The plots above represent a density plot for a vector of values and a superimposed normal curve with the same mean and standard deviation. The plot can be used to quickly compare the distribution of data to a normal distribution. It is evident that no variables are truly normally distributed. While Na, Al, and Si are nearly normal, there is a small deviation in the tails. The refractive index, Mg, and K show evidence of bimodal distribution, while Ca, Ba, Fe, as well as K, are positively skewed.

ggpairs(Glass[1:9], title = "Correlogram with the variables", progress = FALSE, 
        lower = list(continuous = wrap("smooth", alpha = 0.3, size = 0.1))) 

From the correlogram, the relationship between the refractive index and Ca suggests that is a highly positive correlation. There are some variables with moderate correlations, but no other relationship seems noteworthy.

  1. Do there appear to be any outliers in the data? Are any predictors skewed?
par(mfrow = c(5,2))
for (i in 1:9){
  boxplot(
    Glass[i], main = sprintf("%s", names(Glass)[i]), col = "steelblue2", horizontal = TRUE, 
    xlab = sprintf("skewness = %1.2f      # of outliers = %d", psych::describe(Glass)[i,11], 
                   length(boxplot(Glass[i], plot = FALSE)$out)))
}

The boxplots reveal that there are a number of outliers within each variable and that they may be the likely cause for the skewness of their distribution as discussed previously. It is interesting to see that while Mg does not appear to have any outliers, the distribution is slight, negatively skewed. Ba and Ca appears to have more outliers that may influence modeling.

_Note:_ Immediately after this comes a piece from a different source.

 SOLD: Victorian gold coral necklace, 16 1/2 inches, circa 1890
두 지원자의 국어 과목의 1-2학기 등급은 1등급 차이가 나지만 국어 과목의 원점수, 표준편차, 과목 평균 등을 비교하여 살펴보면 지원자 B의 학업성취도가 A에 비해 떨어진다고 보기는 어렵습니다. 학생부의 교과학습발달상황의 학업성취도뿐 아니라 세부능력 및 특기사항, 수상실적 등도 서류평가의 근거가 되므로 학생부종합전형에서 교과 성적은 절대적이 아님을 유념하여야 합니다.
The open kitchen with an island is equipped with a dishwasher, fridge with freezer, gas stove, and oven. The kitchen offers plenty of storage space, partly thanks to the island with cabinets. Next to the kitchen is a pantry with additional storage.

  1. Are there any relevant transformations of one or more predictors that might improve the classification model?

Because there are quite a few variables that are affected by skewness, Box-cox transformation is one important method that can improve the model. Moreover, there are no missing values, so imputation is not necessary. Lastly, because there were some correlations, data reduction is considered to analyze if the data by generating a smaller set of predictors can capture a majority of the information in the original variables. As a result, a series of transformations to multiple variables is done, namely, Box-cox transformation and PCA.

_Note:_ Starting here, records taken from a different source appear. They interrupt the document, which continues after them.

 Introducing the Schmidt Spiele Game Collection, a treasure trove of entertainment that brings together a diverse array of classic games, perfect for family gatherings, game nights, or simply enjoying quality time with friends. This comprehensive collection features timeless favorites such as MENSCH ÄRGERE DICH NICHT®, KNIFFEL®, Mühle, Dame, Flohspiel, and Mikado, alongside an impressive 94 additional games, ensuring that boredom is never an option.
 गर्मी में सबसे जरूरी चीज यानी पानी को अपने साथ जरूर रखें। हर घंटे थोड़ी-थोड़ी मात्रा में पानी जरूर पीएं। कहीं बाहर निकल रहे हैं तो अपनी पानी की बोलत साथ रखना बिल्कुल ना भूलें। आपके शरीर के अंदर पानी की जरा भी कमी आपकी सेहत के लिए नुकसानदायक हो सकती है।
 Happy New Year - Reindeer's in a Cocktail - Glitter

glass.t = preProcess(Glass, method = c("BoxCox", "pca"))
glass.t
## Created from 214 samples and 10 variables
## 
## Pre-processing:
##   - Box-Cox transformation (5)
##   - centered (9)
##   - ignored (1)
##   - principal component signal extraction (9)
##   - scaled (9)
## 
## Lambda estimates for Box-Cox transformation:
## -2, -0.1, 0.5, 2, -1.1
## PCA needed 7 components to capture 95 percent of the variance

The pre-processing transformation that can be applied to all the variables. Refractive index, Na, Al, Si, and Ca were box-cox transformed, followed by centering, scaling and PCA, along with all other variables. After applying the transformation, the density is nearly normal and not heavily skewed, and there is no correlation among the data.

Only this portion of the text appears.